Но в самолете, когда мы возвращались на Родину тренеры несколько охладили наши разгоряченные головы.
— Да, за океаном вы отыграли хорошо, — говорили они,— но мы будем вас еще и еще проверять. И в матчах чемпионата страны, и в последних контрольных играх в Финляндии.
...Время летело незаметно. И вот уже последняя остановка перед Стокгольмом. Сборная СССР, в составе которой было больше хоккеистов, чем требовалось для участия в чемпионате мира, приехала в Финляндию, чтобы провести две контрольные игры со сборной Суоми. В первой, которая проходила в Тампере, из семи забитых шайб три пришлись на долю нашей тройки. После этой встречи наставники команды сказали нам, что во второй игре мы принимать участия не будем, поскольку уже зачислены в основной состав. Мы чуть не подпрыгнули до потолка от радости. Сбывалась наша заветная мечта!
После Тампере команда переехала в Хельсинки, где предстояла вторая игра с финской сборной. До начала матча оставалось минут сорок, ребята переодевались, готовились к выходу на лед. Мы сидели рядом с ними в раздевалке, но, так сказать, в цивильных костюмах. В этот момент вошел Тарасов, посмотрел на нас и вдруг сказал:
— А что это вы, молодые люди (верный признак недовольства у нашего тренера), не переодеваетесь? Ну-ка, быстро на лед!
— Так мы же сегодня не должны играть, Анатолий Владимирович.
— От разминки вас никто не освобождал, — ответил он. — Пока команда готовится, идите и покатайтесь минут двадцать.
Надо ли говорить, что слово Тарасова в ЦСКА и в сборной — закон. С неимоверной быстротой мы переоблачились в тренировочные костюмы, схватили клюшки и помчались на лед. Но не тут-то было. У самой кромки площадки стоял служащий дворца и ни в какую не хотел пускать нас на лед. Пришлось не солоно хлебавши возвращаться в раздевалку.
— Это еще что такое? — грозно спросил Анатолий Владимирович. — Почему не выполняете задания?
— На лед не пускают, — пытались мы робко оправдаться.
— Идите и скажите: Тарасов... разрешил.
И под ироничные улыбки товарищей по команде мы вновь отправились на лед. Но на сей раз решили действовать по-другому. Обошли площадку по боковой дорожке, а там махнули прямо через борт. Вот хохоту было в зале, уже заполненном зрителями. Мы катаемся, служитель бегает вдоль борта и свистит в свисток, очень напоминающий наш милицейский.

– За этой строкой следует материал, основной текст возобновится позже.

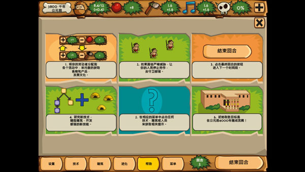 在这款游戏中你扮演的是一个幕后策略家,你要做的就是通过自己的分配一步步的把自己的部落扩大,进步科学,壮大自己控制的部落,防御敌国一步步成为霸主。

Требует, чтобы мы ушли со льда. А мы ему жестами показываем, мол, не можем, тренер приказал. Он продолжает свистеть, мы катаемся, а зал развлекается этой картиной. Ушли мы со льда, только когда выехала заливочная машина.
А Анатолий Владимирович вновь не успокоился. Дает еще задание: «Выйдете с командой на разминку». Ну, мы с Володей и Валерой опять на лед. Бросаем по воротам, разминаем вратаря. А Тарасов тут как тут:
— Вам не по воротам бросать надо, а скорость отрабатывать. Ну-ка, рывочки от синей линии до красной и обратно. Разиков эдак сто. Вспотеете, тогда уйдете.
...Пишу сейчас эти строчки и улыбаюсь. А тогда нам не до улыбок было. Думали, издевается тренер, унижает перед всей командой. Раз молодые — все стерпят. И только по истечении времени мы поняли как мудр и прав был наш тренер. Ведь действительно мы тогда были молоды-зелены, голова могла закружиться от первого успеха, от того, что попали в главную команду страны. Мог пропасть тот настрой, с которым провели последние игры. И тогда пиши пропало, потерянного не вернешь. И Тарасов решил держать нас все время в напряжении, сыграть на нашем самолюбии, заставить еще и еще раз доказывать свое право на место в сборной...
Но вот все предстартовые волнения позади. Мы прибыли в Стокгольм и разместились в отеле «Фламинго». В составе сборной СССР на этот раз оказалось сразу семь дебютантов. И чемпионат мира для всех, а особенно для нашей тройки, стал настоящей школой, где каждый день мы открывали для себя что-то новое. Конечно, были и ошибки, ведь почти в каждом матче нам, третьему звену, приходилось нейтрализовывать сильнейшие тройки команд-соперниц. Две ошибки оказались особенно памятны и поучительны.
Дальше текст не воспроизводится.